**What to do:** Begin with the line below holding "识字表:400个生字,是打开" and go on through the line holding "當天中午,張軍首先來到睿信書", duplicating each line exactly and leaving out pictures.

**Data excerpts:**
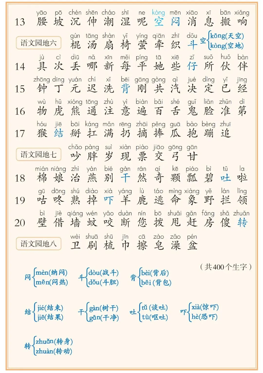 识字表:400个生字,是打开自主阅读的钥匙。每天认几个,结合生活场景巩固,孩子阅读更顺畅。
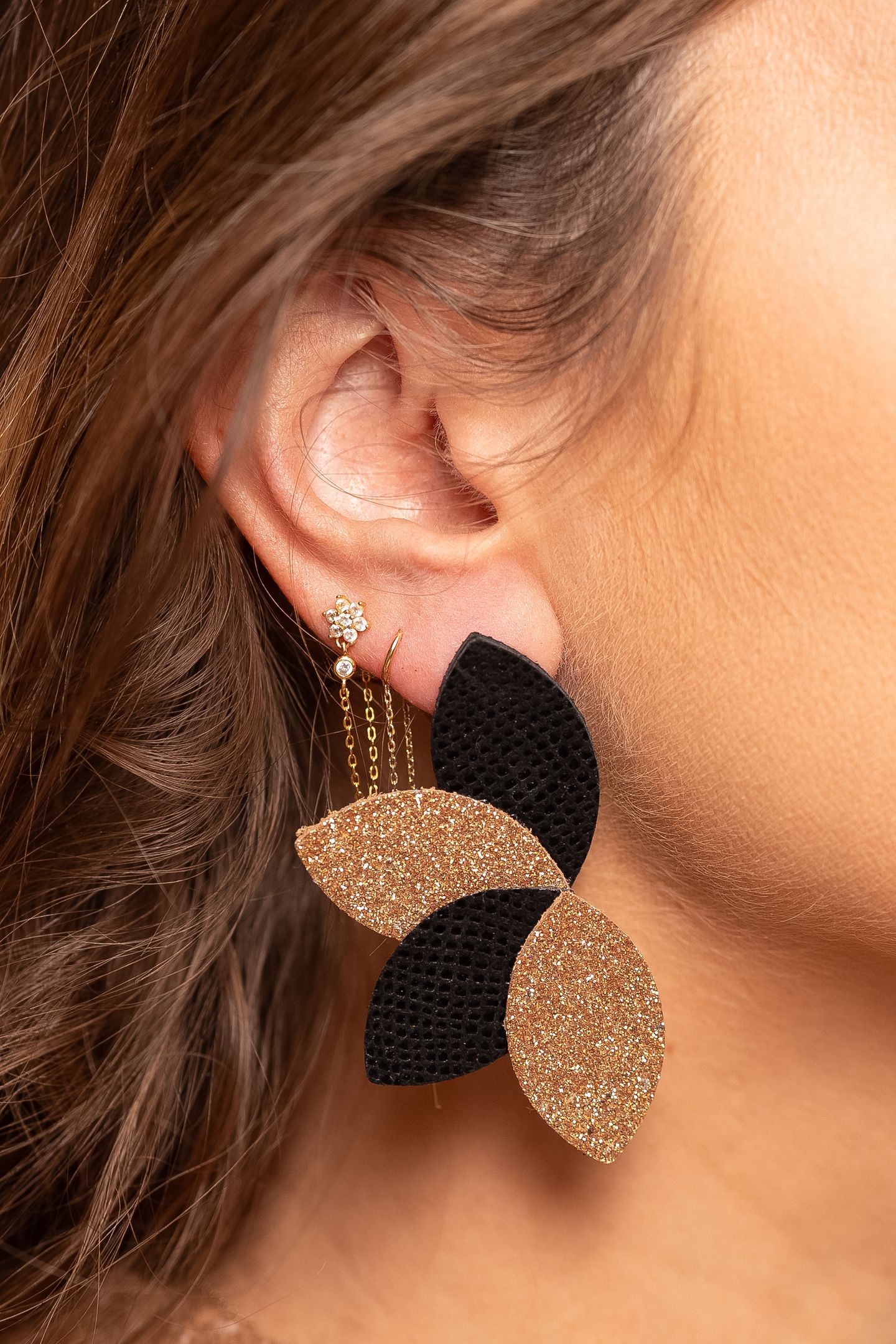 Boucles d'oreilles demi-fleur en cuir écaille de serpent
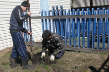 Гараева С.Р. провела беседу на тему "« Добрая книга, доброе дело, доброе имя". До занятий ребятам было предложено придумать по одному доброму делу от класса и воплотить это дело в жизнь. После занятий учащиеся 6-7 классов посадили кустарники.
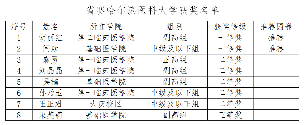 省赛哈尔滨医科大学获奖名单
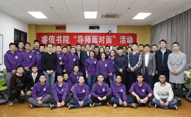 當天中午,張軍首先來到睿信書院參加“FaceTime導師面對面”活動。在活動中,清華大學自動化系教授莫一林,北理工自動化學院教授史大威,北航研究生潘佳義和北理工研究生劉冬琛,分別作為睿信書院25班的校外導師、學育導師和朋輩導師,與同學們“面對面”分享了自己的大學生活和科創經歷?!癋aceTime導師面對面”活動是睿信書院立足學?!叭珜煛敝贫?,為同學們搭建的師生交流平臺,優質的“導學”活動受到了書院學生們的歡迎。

* * *

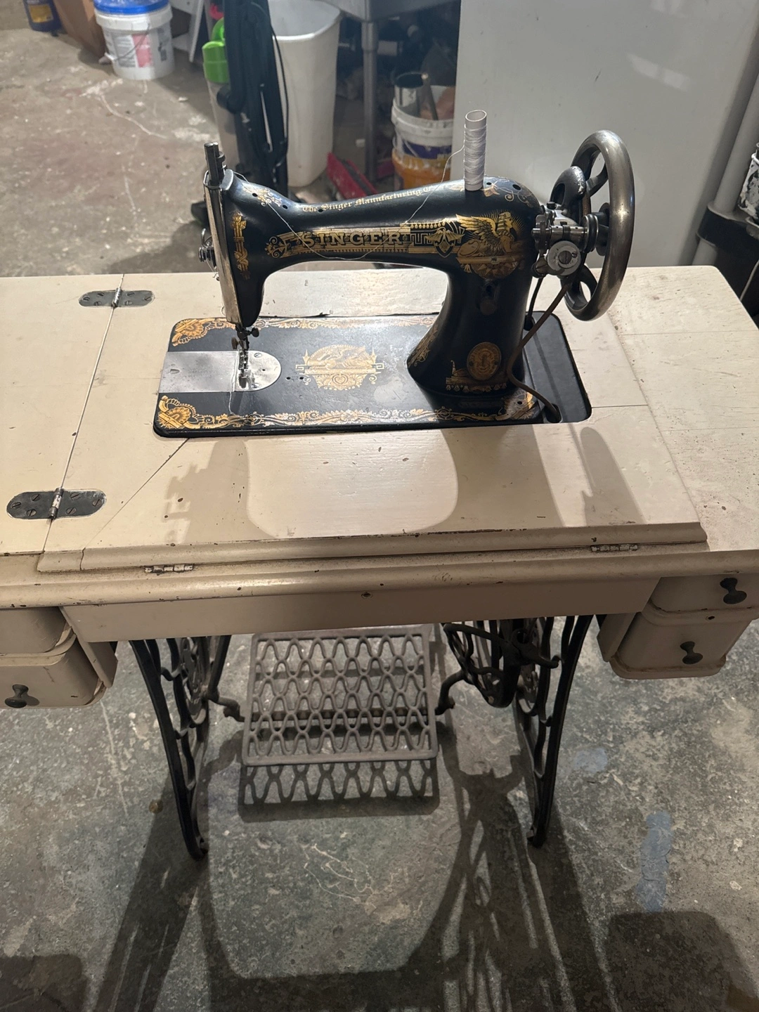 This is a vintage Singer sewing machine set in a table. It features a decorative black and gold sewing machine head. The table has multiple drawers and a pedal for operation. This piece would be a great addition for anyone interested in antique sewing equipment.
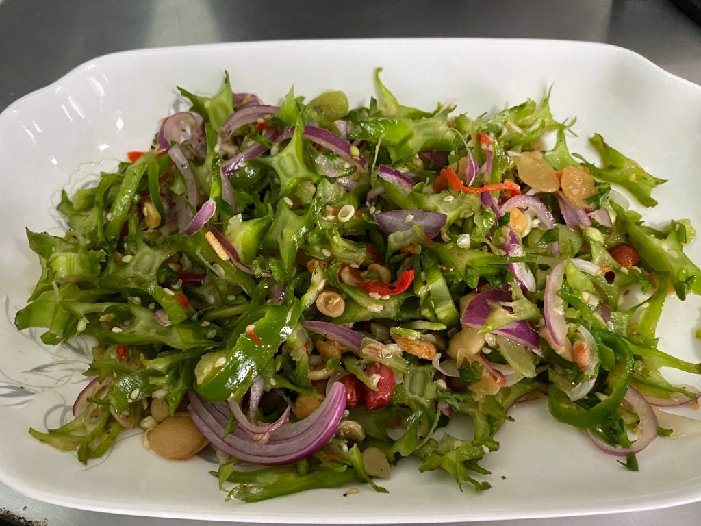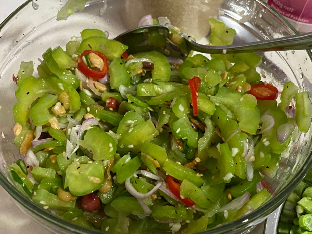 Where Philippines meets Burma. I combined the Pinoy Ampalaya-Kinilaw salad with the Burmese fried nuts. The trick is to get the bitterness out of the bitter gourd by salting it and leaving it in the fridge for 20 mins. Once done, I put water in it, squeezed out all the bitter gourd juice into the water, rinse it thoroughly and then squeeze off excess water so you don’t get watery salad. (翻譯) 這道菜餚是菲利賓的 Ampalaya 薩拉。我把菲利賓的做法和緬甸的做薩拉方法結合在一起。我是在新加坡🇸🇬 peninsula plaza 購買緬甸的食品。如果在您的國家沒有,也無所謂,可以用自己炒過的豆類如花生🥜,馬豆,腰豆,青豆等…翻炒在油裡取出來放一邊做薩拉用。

**Answer section:**
 识字表:400个生字,是打开自主阅读的钥匙。每天认几个,结合生活场景巩固,孩子阅读更顺畅。
 Boucles d'oreilles demi-fleur en cuir écaille de serpent
 Гараева С.Р. провела беседу на тему "« Добрая книга, доброе дело, доброе имя". До занятий ребятам было предложено придумать по одному доброму делу от класса и воплотить это дело в жизнь. После занятий учащиеся 6-7 классов посадили кустарники.
 省赛哈尔滨医科大学获奖名单
 當天中午,張軍首先來到睿信書院參加“FaceTime導師面對面”活動。在活動中,清華大學自動化系教授莫一林,北理工自動化學院教授史大威,北航研究生潘佳義和北理工研究生劉冬琛,分別作為睿信書院25班的校外導師、學育導師和朋輩導師,與同學們“面對面”分享了自己的大學生活和科創經歷?!癋aceTime導師面對面”活動是睿信書院立足學?!叭珜煛敝贫?,為同學們搭建的師生交流平臺,優質的“導學”活動受到了書院學生們的歡迎。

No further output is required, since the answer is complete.